Гриша покосился на бредень и опять нерешительно сказал:
– Холодно будет, я полагаю… А у меня и подходящей одежды нет…
– Это я тебе сиим моментом устрою! – пообещал Ананий Северьяныч. – Ну, по рукам?
– Пожалуй.
Ананий Северьяныч помчался в гору и вскоре вернулся, держа в руках драную ватную телогрейку, в которой завернуты были парусиновые штаны, рубаха и лапти для Гриши.
Через пять минут Ананий Северьяныч и Гриша уже плыли на утлом ботнике вниз по течению.

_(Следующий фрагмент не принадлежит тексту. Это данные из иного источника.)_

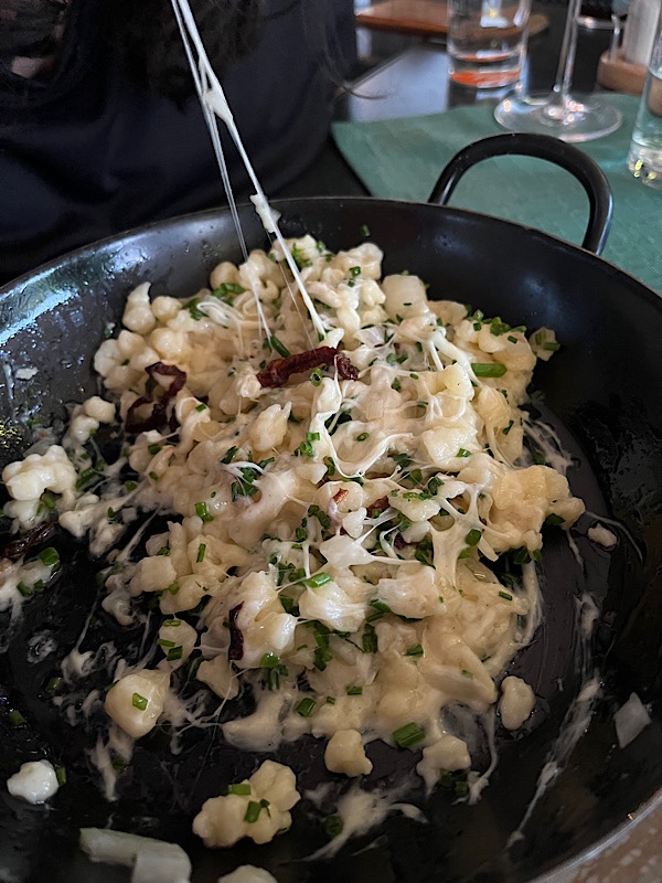 Les spätzles c’est une sorte de petites pâtes qui rappellent un peu les crozets, mais c’est surtout dû au fait qu’ils sont servis dans une mer de fromage fondu. Pour moi, manger ça au milieu de ces montagnes qui ressemblent aux Alpes du Nord, c’est un peu une madeleine de Proust (un makroud de Pierre Assouline si vous êtes séfarade).

По пути Ананий Северьяныч засветил два бакена и на каменной гряде – веху. Сумерки быстро сгущались, и скоро стало совсем темно. Загорелись звезды, над луговым берегом повис алюминиевый полумесяц, и вода, сливаясь с весел, сверкала голубыми искорками. В слободе скрипел колодезный журавель, было свежо, тихо, все казалось призрачным, окутанным тишиной и серебристым сиянием. В воздухе густо плыл запах цветущих черемух, сладкий и пьянящий. Где-то на берегу щелкнул соловей, щелкнул и замолк, и вдруг залился длинной цветистой трелью и снова смолк. Тогда взметнулся другой, потом третий, и полились соловьиные песни по-над Волгой, словно ручьи вешние.
– Гм… – неопределенно крякнул Ананий Северьяныч. – А ведь оно, это самое, приятственно. Как, Гриша, а?
– Красота природы-с… – отозвался Гриша, прислушиваясь к соловьям, и вдруг вздрогнул от какого-то странного чувства. Ему показалось, что все это он уже видел когда-то, все это уже пережил и, может быть, опять переживет, в третий, в четвертый, сотый раз… Да, да, ночь, Волга, запах цветов, луна, и двое в лодке, он и… кто же еще? Кто же сидит с веслами в руках, там, где сидит Ананий Северьяныч? Чье же это лицо? Лица не видно, лишь прячутся синие лунные тени в белой исподней рубашке и горят, как угли, черные глаза. Где, когда, в какую ночь он все это видел? Кто этот страшный человек, что сидит напротив него, расставив босые ноги в синих галифе… Вот он бросает весла, встает и тянет к горлу Гриши скрюченные, короткие, пухлые пальцы…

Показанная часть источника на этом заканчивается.